O último dos tisiologistas... Centenário

O 25 de dezembro, Natal do Senhor, também o é de um grande médico. De Jaguaribe, há cem anos nascia Gilmário Mourão Teixeira. Fez-se médico pela Faculdade de Medicina de Pernambuco. Durante muitos anos, fui médico de sua irmã mais velha, Enedina Teixeira, casada com o senhor J. Barreira, pai do ex-reitor da Universidade Federal do Ceará (UFC), Renê Barreira. Enedina era uma mulher alta, esbelta, de fala firme. Por ela conheci monsenhor Mourão.

A Igreja de Fortaleza tinha três pilastras de sustentação. Os monsenhores Camurça, Landim e Mourão. Este foi o responsável pela construção do Hospital Cura D'Ars. Dr. Gilmário, eu o conhecia através das pesquisas bibliográficas sobre tuberculose.

Quando a nossa reunião do Iate se desfez, professor Agamenom aglutinou ao seu redor um grupo de provectos senhores, já aposentados, literatos, intelectuais, sedentos por cultura. Passamos a nos reunir na Livraria Cultura. Uma reunião espartana. Simples. Uma comunhão de saber. Foi quando me aproximei do Dr. Gilmário.

Mesmo com a idade se antecipando à sua mobilidade, exibia uma elegância de maneira sóbria. Falava meditando. Escutava muito. E nos cobria de sabedoria e de experiência de vida. Era sucinto e pontual nos seus comentários. Não era chegado às famosas digressões, que adoramos.

Saía impreterivelmente às 7 horas. Frugal nas palavras e nos gestos. Sério, sem ser sisudo. Escondia-se quando navegávamos nos seus feitos. Simples, gostava mais de falar sobre os outros, do que de seu luminoso caminhar.

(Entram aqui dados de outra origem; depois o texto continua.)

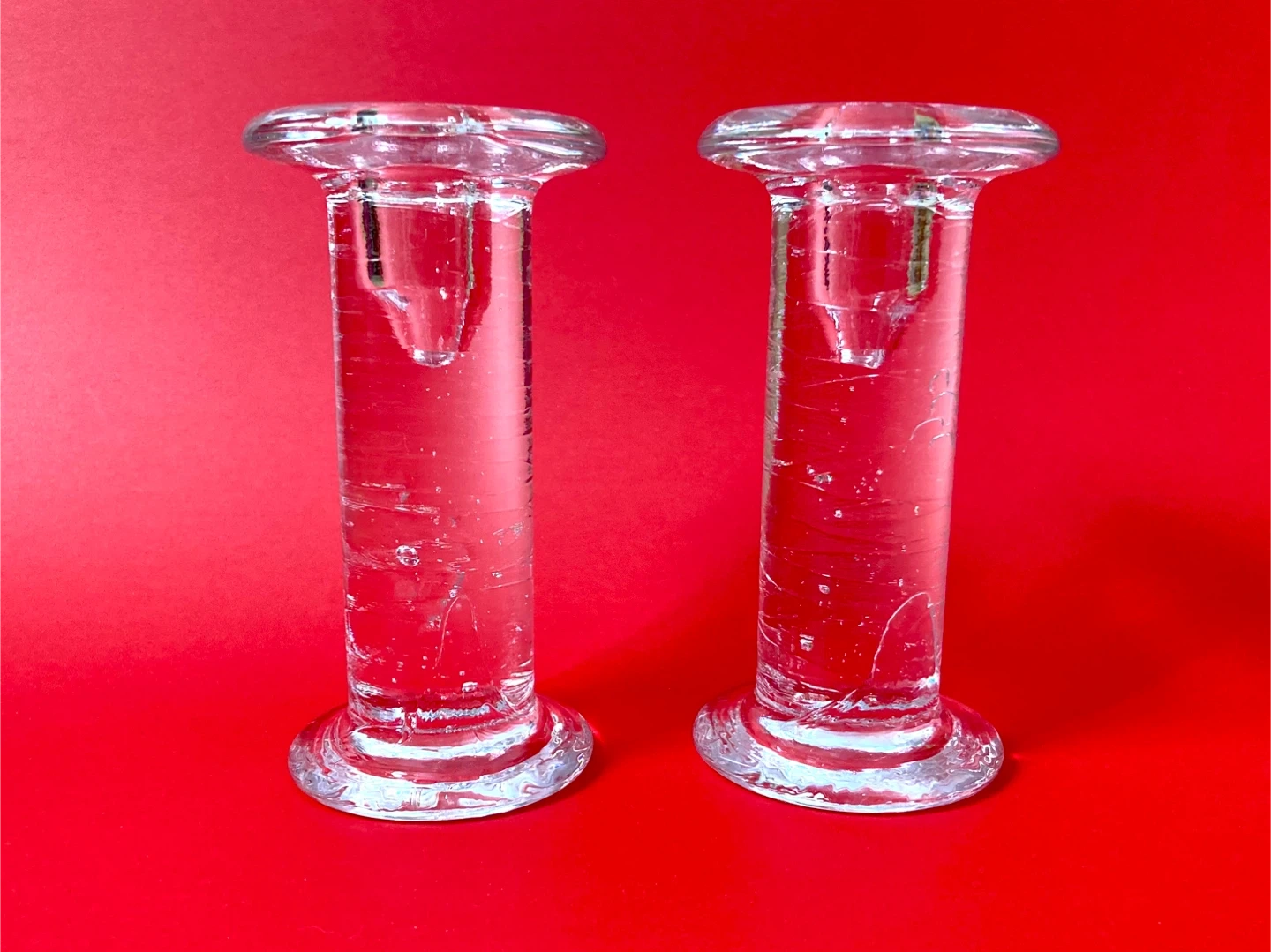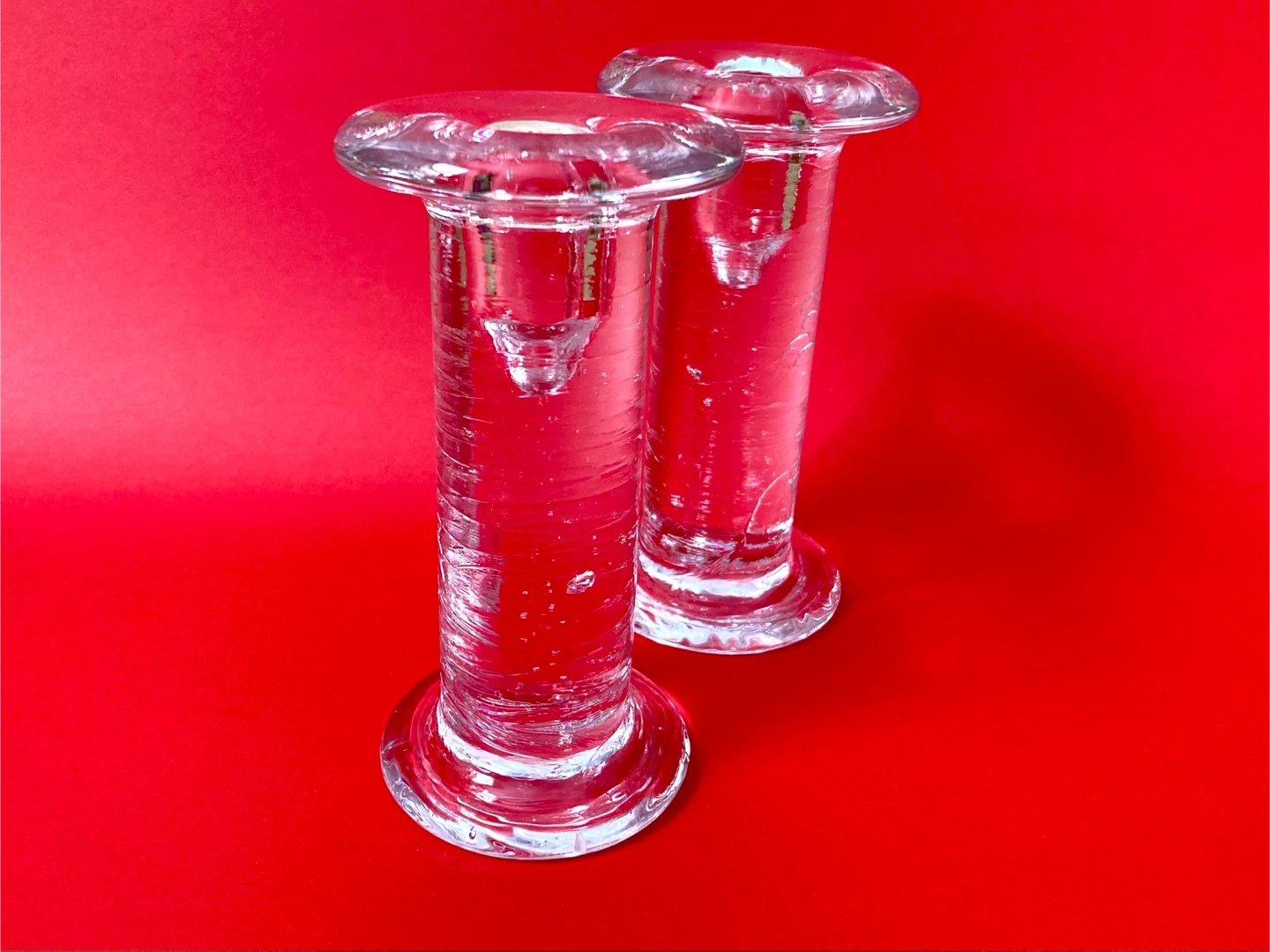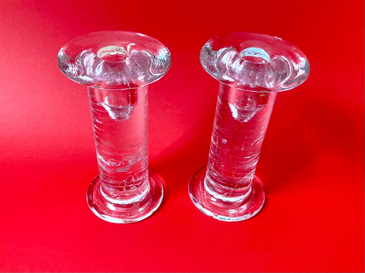 Very eye catching vintage art glass candleholders, very similar to Kosta Boda style, featuring a design resembling melted glass with bubbles. Substantial, large, and solid. Very well made. They would look great as holiday decor. - likely from the 1970s - 8 1/2β tall - 3 1/4β diameter at the top and bottom rim - perfect condition, no chips or cracks Pick up in the Ossington and Davenport area. Check my other listings for more vintage decor.π

Gilmário foi um dos fundadores da Faculdade de Medicina da UFC. Dedicou-se, arraigadamente, ao estudo da tuberculose. Uma doença impiedosa. Imbatível e invencível, a tísica ia minando quem ousasse a se antepor a sua frente. Sem contemplação. Ceifava milhões de pessoas. Uma pandemia. Não poupava ninguém. Visitava ricos e pobres. Cortejava palácios e casebres. Arrancava a vida de poetas, boêmios e cândidas santas.

A sua tosse fúnebre. Era quase um dobrar de sinos anunciando a morte. O lenço ensopado de sangue. A vômica apodrecida. A hemoptise indevida. E aquele hálito de morte a pairar sobre o pobre tísico. Alvéolos rompidos. Brônquios arranhados e a morte se avizinhando a cada aurora, sem sol e sem esperança.

Gilmário foi da Organização Pan-americana da Saúde/Organização Mundial da Saúde (OPS/OMS), na América Latina, este lutador competente contra um mal tão dantesco e mortal.

Hoje, o nosso querido Gilmário torna-se centenário. O Grupo Edson Queiroz o contemplou com a cobiçada Sereia de Ouro. Melancólico pela perda da esposa, e arqueado pelo peso de tantos anos de luta, desejaria celebrar esta data de maneira diferente. Mas nós que o admiramos tanto o abraçamos com imenso carinho e sagrado respeito. Parabéns.